Task: Retype nothing except the lines below from the one with "関塚孝二さんの外運は21画の5点!" through the one with "ガンダムの世界観を取り入れた", exactly, with images left out.

Provided data:
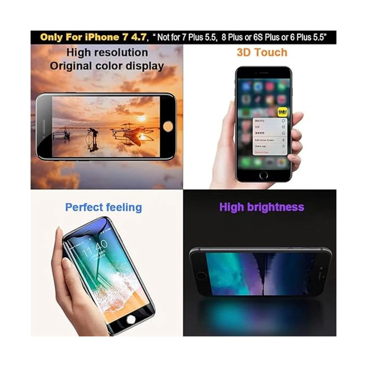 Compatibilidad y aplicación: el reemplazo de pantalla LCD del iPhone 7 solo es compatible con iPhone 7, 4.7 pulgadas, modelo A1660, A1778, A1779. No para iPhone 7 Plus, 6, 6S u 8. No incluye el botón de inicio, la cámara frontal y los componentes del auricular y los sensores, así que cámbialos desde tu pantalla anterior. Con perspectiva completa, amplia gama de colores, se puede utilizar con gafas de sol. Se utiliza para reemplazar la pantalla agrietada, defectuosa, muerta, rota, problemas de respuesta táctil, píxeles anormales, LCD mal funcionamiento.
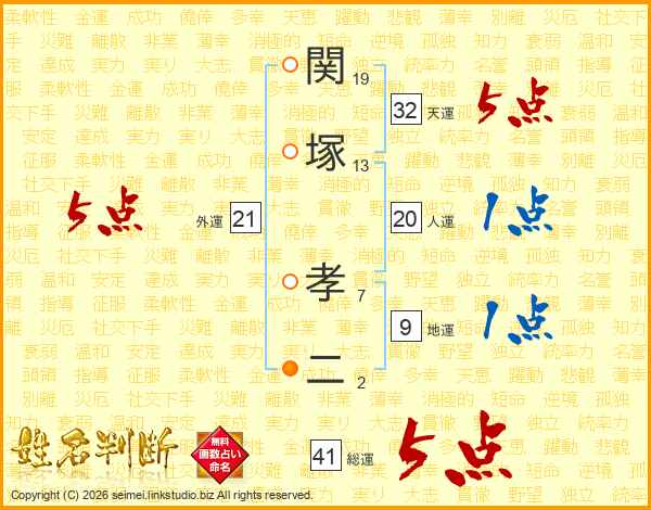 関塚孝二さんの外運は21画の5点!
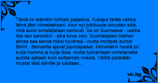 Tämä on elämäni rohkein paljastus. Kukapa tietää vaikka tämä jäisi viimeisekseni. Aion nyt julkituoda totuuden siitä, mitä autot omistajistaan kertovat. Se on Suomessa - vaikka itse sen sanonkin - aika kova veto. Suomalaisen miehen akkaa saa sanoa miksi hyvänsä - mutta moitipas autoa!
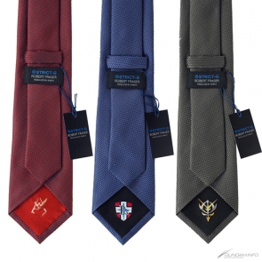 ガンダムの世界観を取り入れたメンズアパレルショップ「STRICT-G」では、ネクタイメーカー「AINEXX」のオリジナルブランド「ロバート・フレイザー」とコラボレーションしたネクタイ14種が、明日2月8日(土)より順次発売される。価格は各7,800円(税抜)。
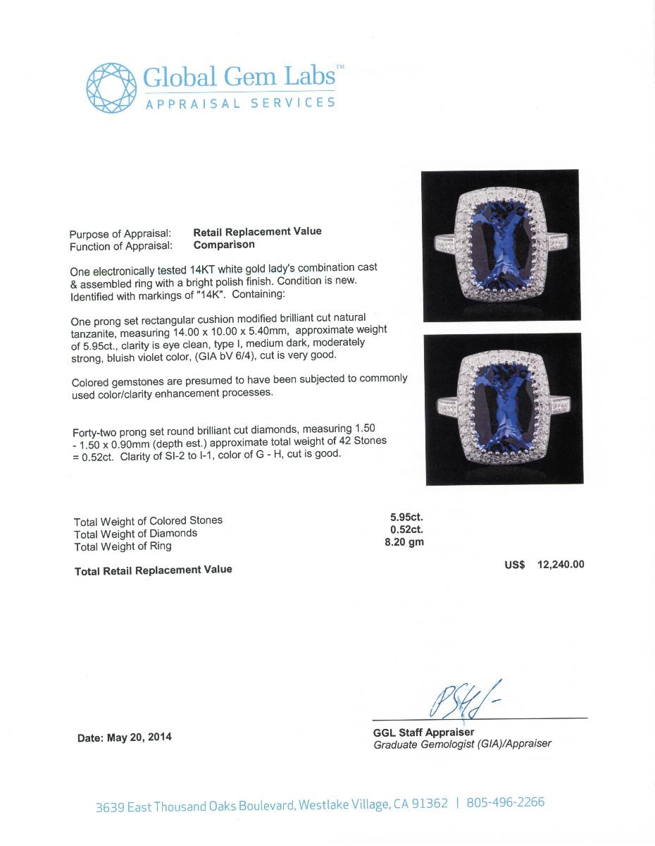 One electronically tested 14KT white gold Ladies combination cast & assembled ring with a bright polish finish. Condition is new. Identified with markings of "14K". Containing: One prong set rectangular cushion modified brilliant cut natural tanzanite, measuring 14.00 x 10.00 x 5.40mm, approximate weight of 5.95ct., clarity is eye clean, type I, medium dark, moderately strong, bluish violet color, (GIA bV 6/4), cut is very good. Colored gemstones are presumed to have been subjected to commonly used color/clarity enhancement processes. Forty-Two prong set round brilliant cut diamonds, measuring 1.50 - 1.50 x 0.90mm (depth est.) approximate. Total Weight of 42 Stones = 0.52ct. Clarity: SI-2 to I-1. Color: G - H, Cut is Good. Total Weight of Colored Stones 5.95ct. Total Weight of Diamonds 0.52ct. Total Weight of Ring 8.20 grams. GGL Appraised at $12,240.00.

Output of the exercise:
 関塚孝二さんの外運は21画の5点!
 Tämä on elämäni rohkein paljastus. Kukapa tietää vaikka tämä jäisi viimeisekseni. Aion nyt julkituoda totuuden siitä, mitä autot omistajistaan kertovat. Se on Suomessa - vaikka itse sen sanonkin - aika kova veto. Suomalaisen miehen akkaa saa sanoa miksi hyvänsä - mutta moitipas autoa!
 ガンダムの世界観を取り入れたメンズアパレルショップ「STRICT-G」では、ネクタイメーカー「AINEXX」のオリジナルブランド「ロバート・フレイザー」とコラボレーションしたネクタイ14種が、明日2月8日(土)より順次発売される。価格は各7,800円(税抜)。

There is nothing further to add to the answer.